In my previous article, I talked about why I am interested in Tuleap. But in this one, I am going to talk about my impressions of the software, in trying to set it up and get it running. And while not quite an article warranting a Core Dump category tag, I did realize that I needed a new one, as I have done a number of similar posts. And that new category is for things where I look at things as a possible sign of poor designs, laziness (or a company skimping), or general bad practices. But, as I say in the category description, it may just be a case of not knowing better, or postponing certain work in favor of other work. But then, there are some things which should never be postponed. And as I said, here, I am just talking about some halfway deep first looks I have had to take to get to where I am right now, which still does not have Tuleap up and running, even in a docker container.
For a quick summary, here are my issues (in rough order of priority):
My first item is a biggie, and I would not have noticed it if I hadn't been digging through the source to figure out why the container would not properly start, but instead just sat there with the logs indicating an error connecting to the database server. And this one intersects with security, so it should be concerning, and in this case, ignorance is not an excuse, nor is postponing it to a later release. And this is that Tuleap requires switching from "enforcing" mode, where the application gets errors when it tries to do something it is not permitted to do, to "permissive" mode, where it is just logged. Outside of early development, which includes developing what is called the "Policy Module", you should never run a machine which has SELinux in permissive mode!!! Did I make that clear enough? These days, if you don't know SELinux, learn it, and address it from the start. This is as important, if not more important than sanitizing input you get from a user to avoid things like buffer overflows or SQL injection. Yes, I realize that Tuleap in most circumstances should be in an environment where it is isolated from the Internet, but then, what about things like Open Source projects, or situations where work is contracted out, but work is still tracked in part using Tuleap? Indeed, there is tuleap.net, which is owned by Enalean, the company behind Tuleap. And while today, 20-30% of the security breaches are by insiders (down from over 80% years ago), even systems well inside multiple layers of firewalls are not safe.

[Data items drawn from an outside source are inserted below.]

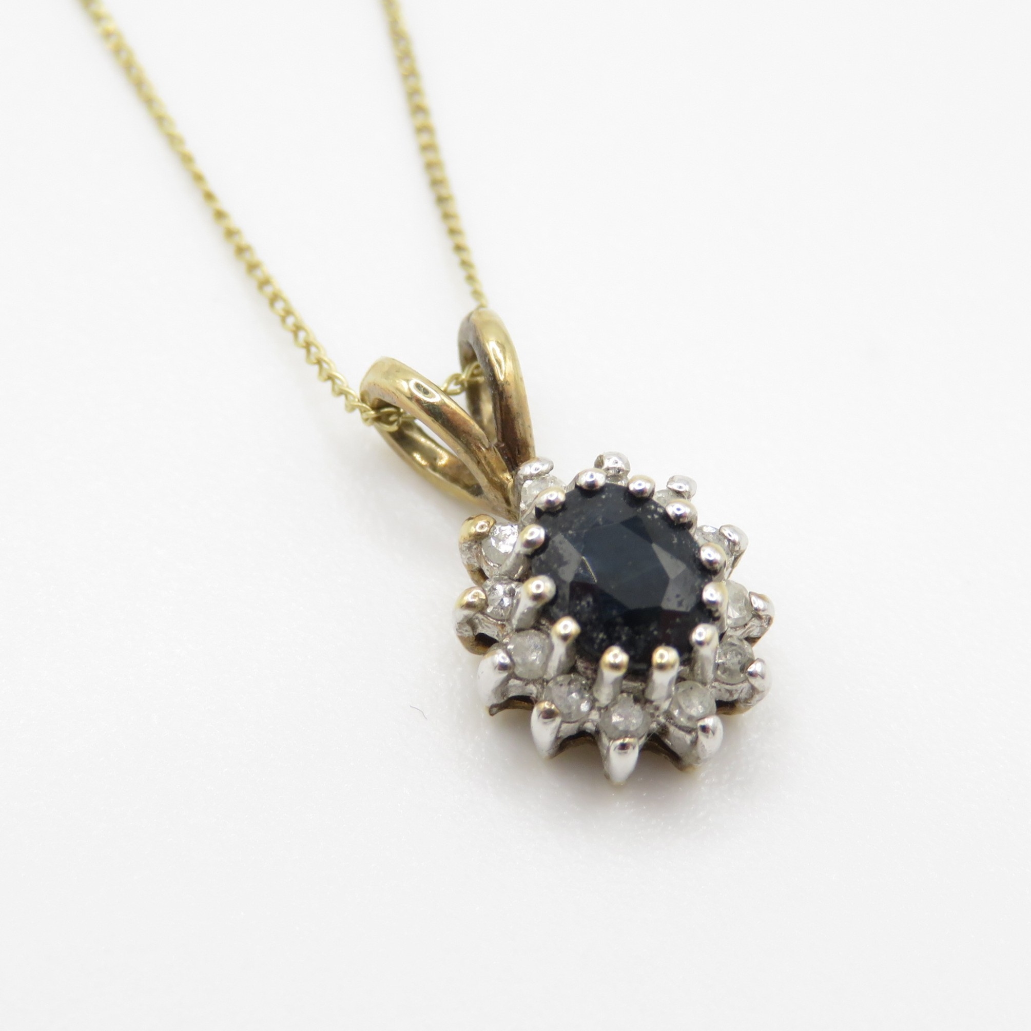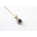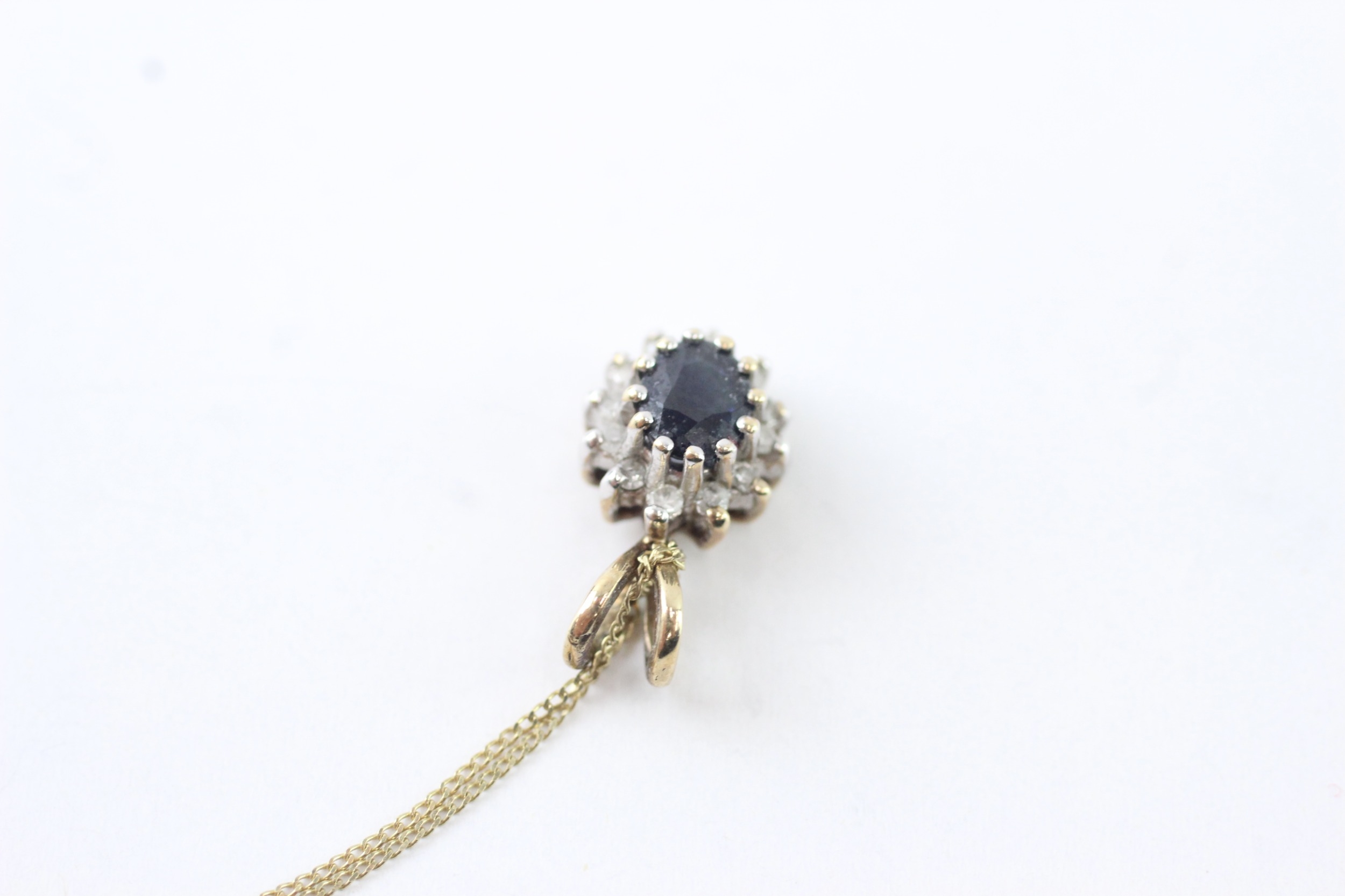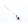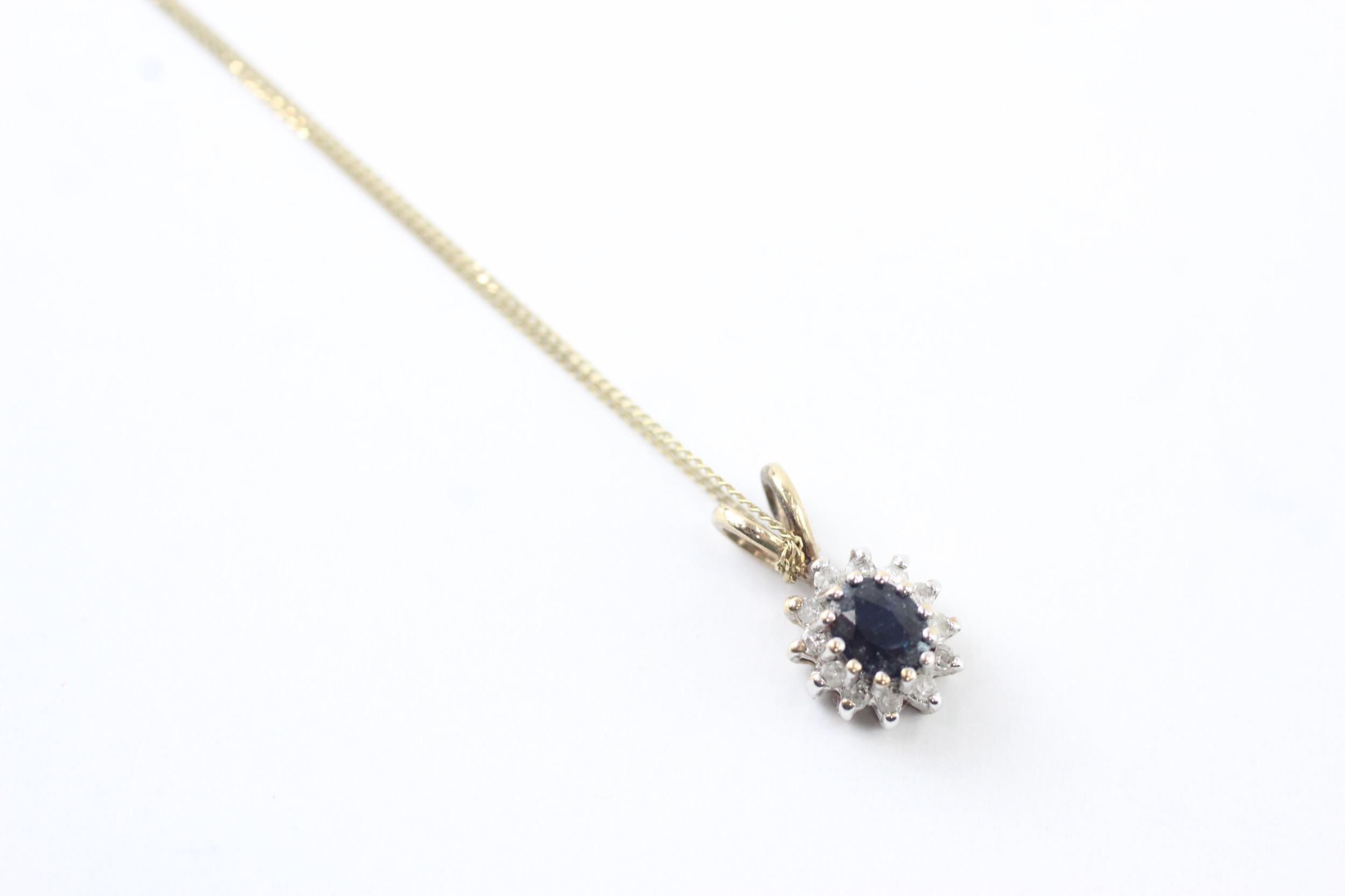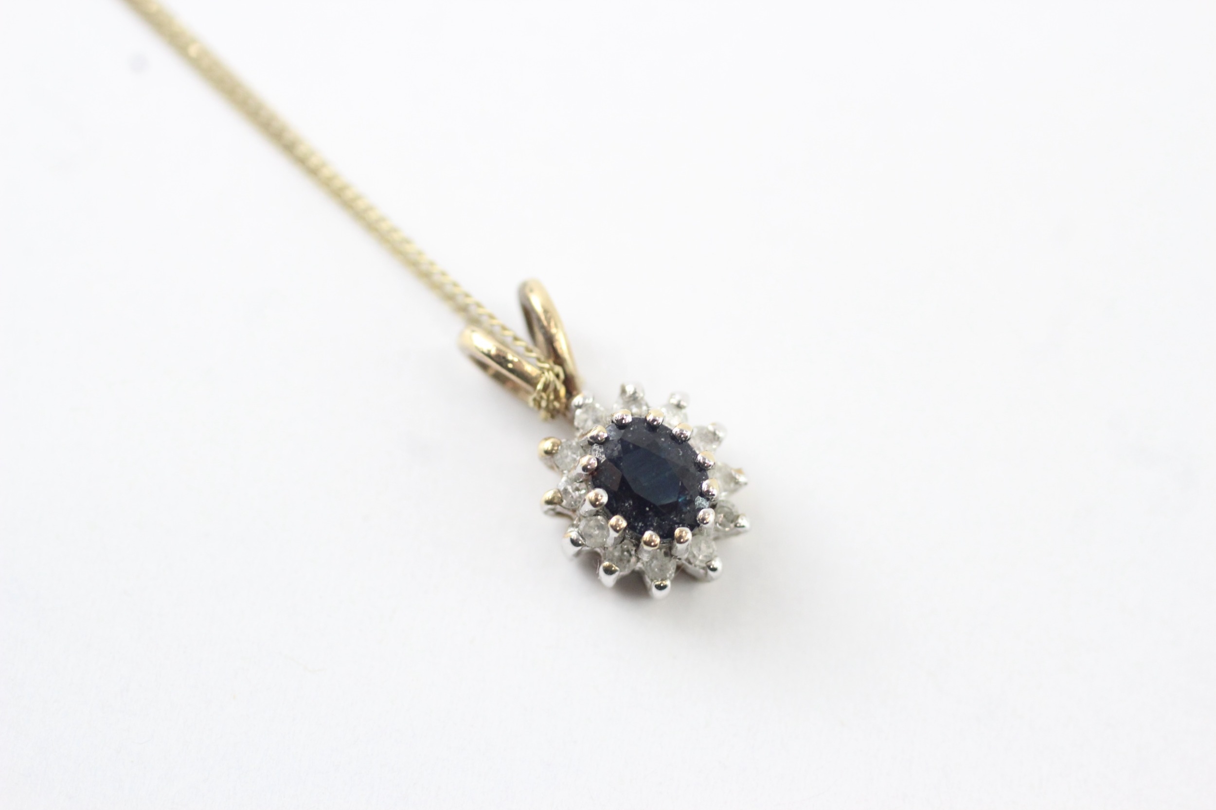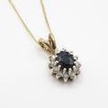 9ct gold sapphire & diamond cluster pendant necklace (1.4g)
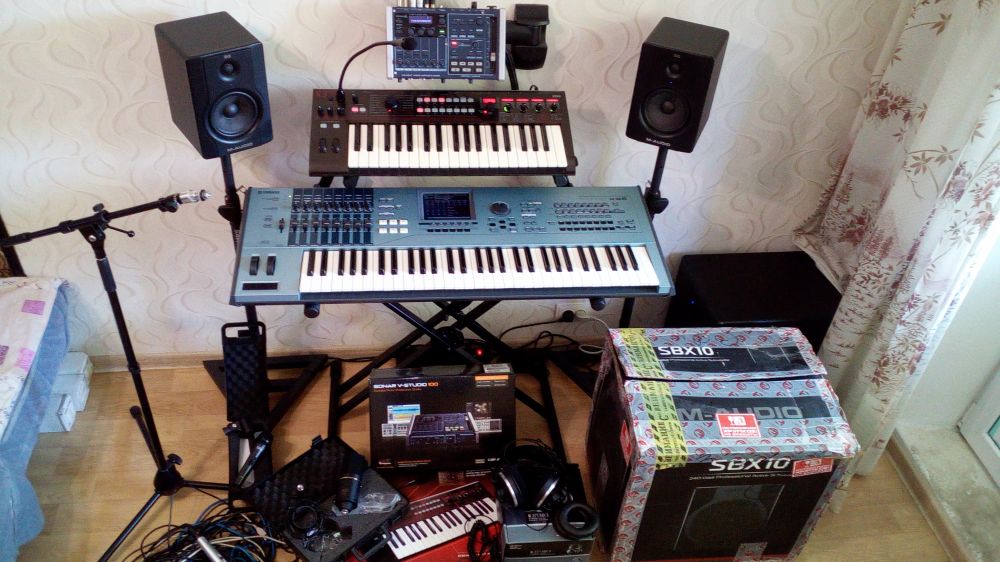 Производство Япония,приобретены и установлены 2 планки по 512Мб памяти,кабель MIDI-MIDI, кабель RCA-RCA цифровой, прошивка не менялась, куплено очень много коммерческих библиотек более 30 Гигабайт звуков, ритмов,невозможно представить их количество!!! все так и не смог прослушать физически, смотрите перечень на скриншотах все не стал делать !, так же покупались программы для редактирования звуков пресметов, сохранения собственных библиотек.
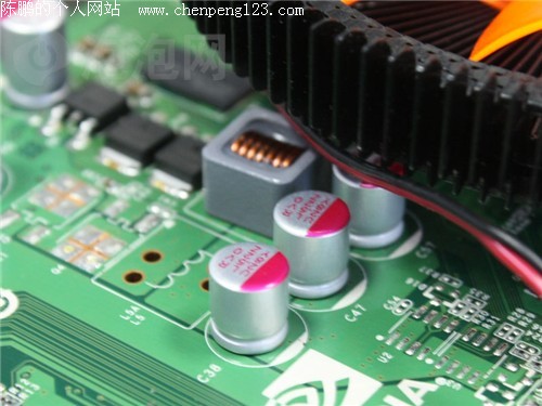 供电部分,由于核心采用40nm工艺制程,其对于供电的要求并不高,因此显卡配备的1+1相供电已经足以满足GT220的供电需求。可以看到,映众(Inno3D)Geforce GT220至尊海量版采用的是全固体电容用料,寿命更长,稳定性也更强!显存部分提供了独立的一相供电,能够明显提升显存的使用稳定性,超频能力。
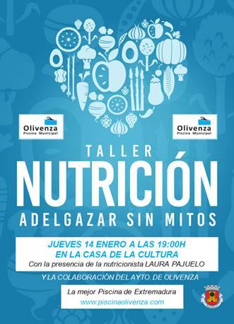 La Piscina Climatizada de Olivenza ha organizado para la tarde de hoy un taller de nutrición en el que bajo el título de Adelgazar sin mitos, la nutricionista Laura Pajuelo abordará en la Casa de la Cultura como comemos y el peligro de las dietas milagro.
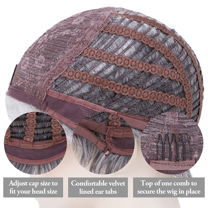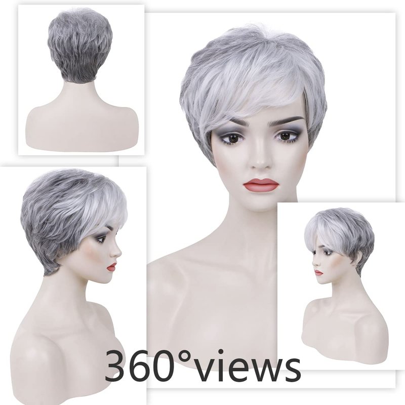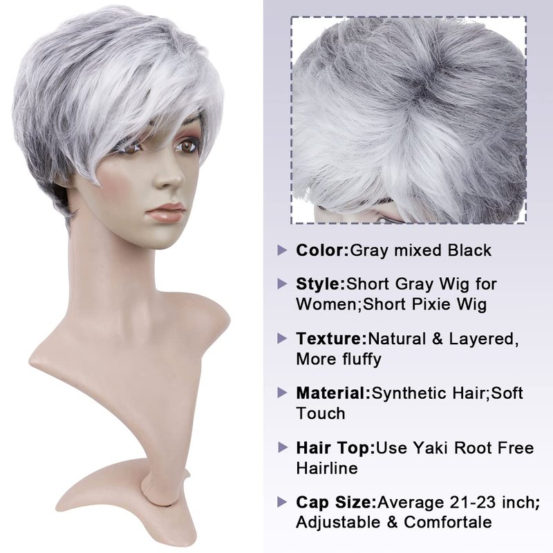 - ★Natural Grandma Pixie Style--Short layer pixie wigs style with black mix grey white color,there are more white and gray mix it to get a natural looks,just like your own. the short wigs Suitable for over 60 older women daily wear.
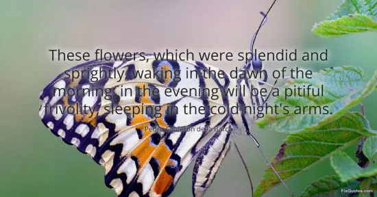 "These flowers, which were splendid and sprightly, waking in the dawn of the morning, in the evening will be a pitiful frivolity, sleeping in the cold night's arms." FixQuotes, 16 Jan. 2026, https://fixquotes.com/quotes/these-flowers-which-were-splendid-and-sprightly-85704/. Accessed 13 Feb. 2026.
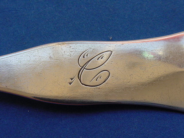 1454-08. Antique American Silver Butter Knife with the hollow handle in the 'Oval Thread' pattern ending in a short curved blade; made by Albert Coles of New York NY, c.1850-1875. | 7.18" long, 0.75" blade width, 1.25 troy oz. gross. Some dings including tip blade. Script mono "MSM" on the handle. | $ 25. |
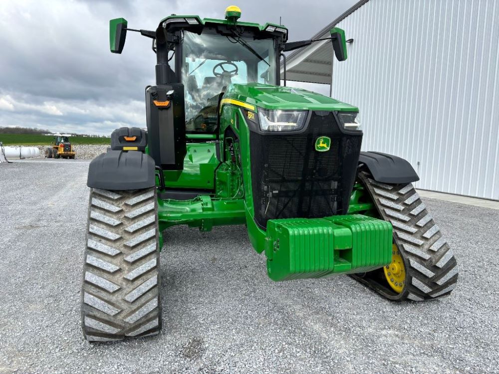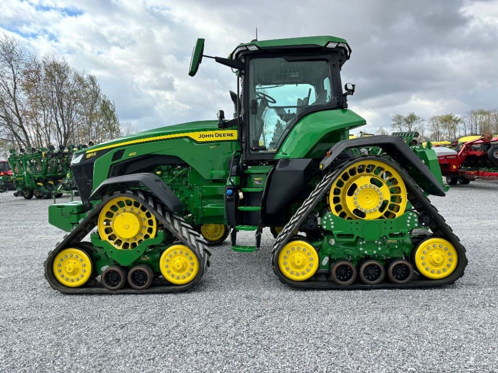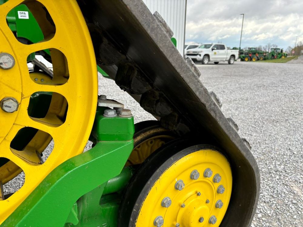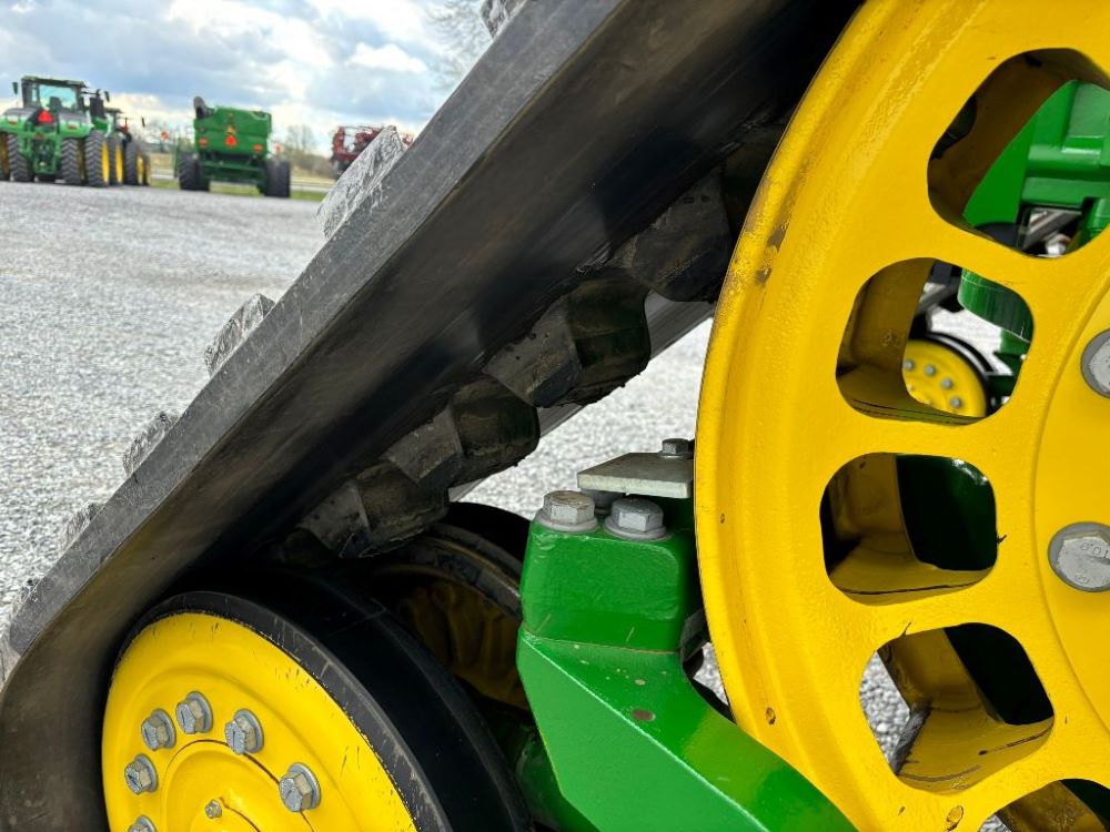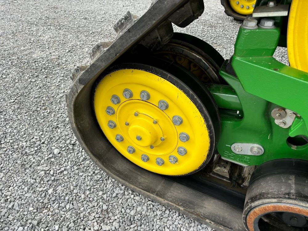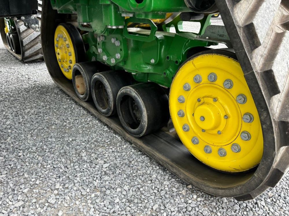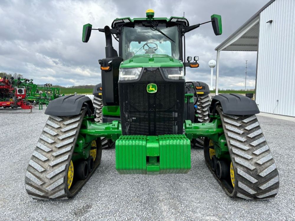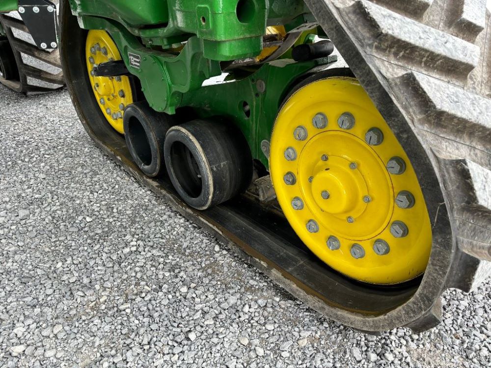 2023 John Deere 8RX 410 Tractor (GP6972), John Deere diesel engine, signature edition E23 transmission, right hand reverser with bump to shift controls, leather air drivers seat, leather buddy seat, cab suspension, CAMSO 24" tracks, 120" tread spacing, 5 port hydraulic outlets, 1000 PTO, CAT 4 adjustable swing, quick hitch, foot operated speed control, (18) front suitcase weights, 4600 command center, automation 4.0, StarFire 6000 receiver, shows 390 hours.
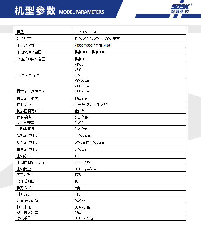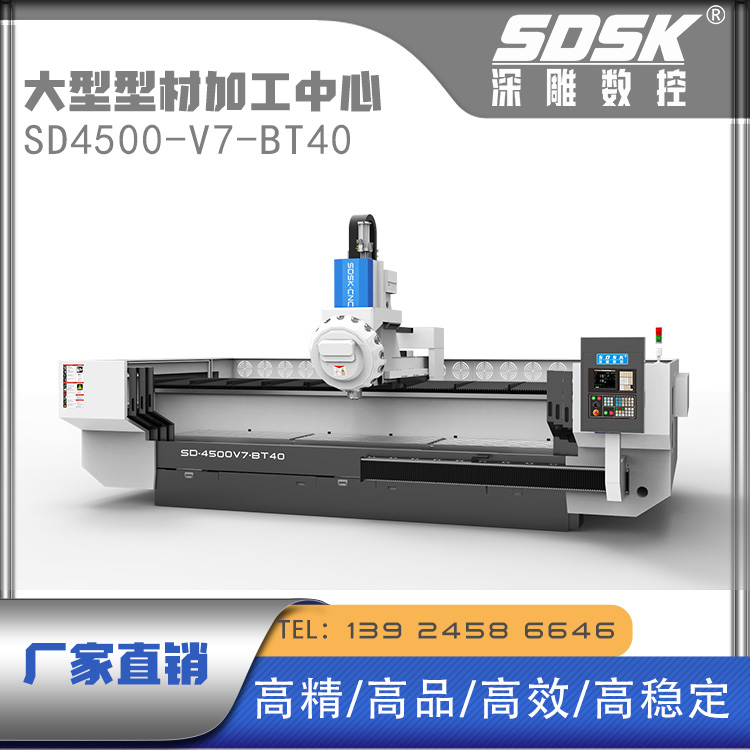 1. The SD4500V7-BT40 model series is a large-scale profile machining center specially designed for customers; Crown block structure; The three-axis motion mechanism is designed at the top of the crossbeam, which is lightweight, convenient, and easy to clean. The Y-axis head moves forward and backward, the X-axis head moves left and right, and the Z-axis spindle moves up and down< Br/>
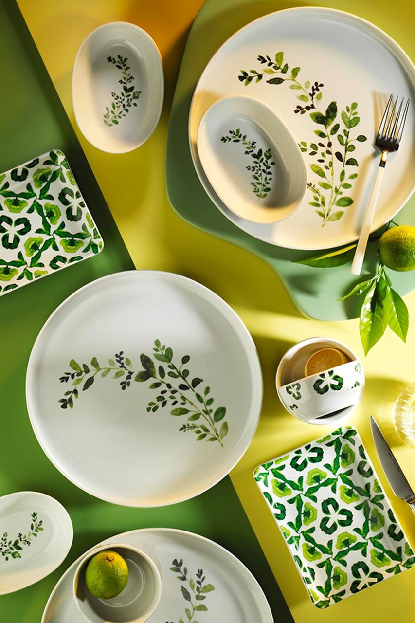 Set de mic dejun (16 bucăți), Lessentiel Maison, 710KTP9802, Bol Joker: 10 cm (3 bucăți), Alb/Verde

In digging through the code, trying to figure out where to debug why it was not starting, I found code which specifically checks to see if SELinux is in permissive mode, or if it is in enforcing mode, and if the latter, it errors out, saying that only the former is permitted. Why is this a big deal? It is, because SELinux is just like a second firewall, this one being between any given process and the rest of the system. Want to connect to a database, you need a permission for that. Want to read certain files, you need to have another permission for that, and if you want to write them, you need another, and if you want to access certain network ports, there are permissions for that too. But if you try to do so without permission, such as accessing critical system files, or files for a different service (such as say the DNS server), not only is it a no-can-do, but it actually gets logged to a file which has its own special access controls. It goes way beyond the original read/write/execute for the owner, members of the same group, and the rest of the world to the point where what SELinux calls a "file context" can be applied to a specific file, and even can be restricted down to specific syscall (the functions behind things like reading or writing files, creating child processes, etc.), so that a process and its children can only append to a log file, but not read it or overwrite it, much less execute it. This is possible because every file, directory, device and network port is tagged with a label called a context. And if in a really sensitive environment, there is even what is called Multi-Level Security (MLS). So if a black-hat (I won't glorify them with the name "hacker", which was appropriated from its original meaning, and is like a bank robber calling themselves a "cop" or "police officer") somehow compromises a program, such as a web server, they are confined in their little world, since even if they can somehow create a sub-process, that sub-process is bound by the same restrictions, because even to run programs in their own security domains, you have to have certain accesses granted.
Now some of you might be saying "What about if I run it in a container? Isn't that supposed to grant a level of security isolation?" The problem is, containers are not a strong security boundary. Interestingly enough, if you have a container running on your system, you can actually see the processes running on the container by running ps auxww, and grepping for them. They are isolated to a degree using things called "namespaces" and "control groups", but a determined black-hat can get around these. Think of it as being like relying on a locked storm door to keep burglars out of your home. For the opportunist, it works, but for the serious burglar, in the middle of the night on a weekend while you are out of town...it is worthless.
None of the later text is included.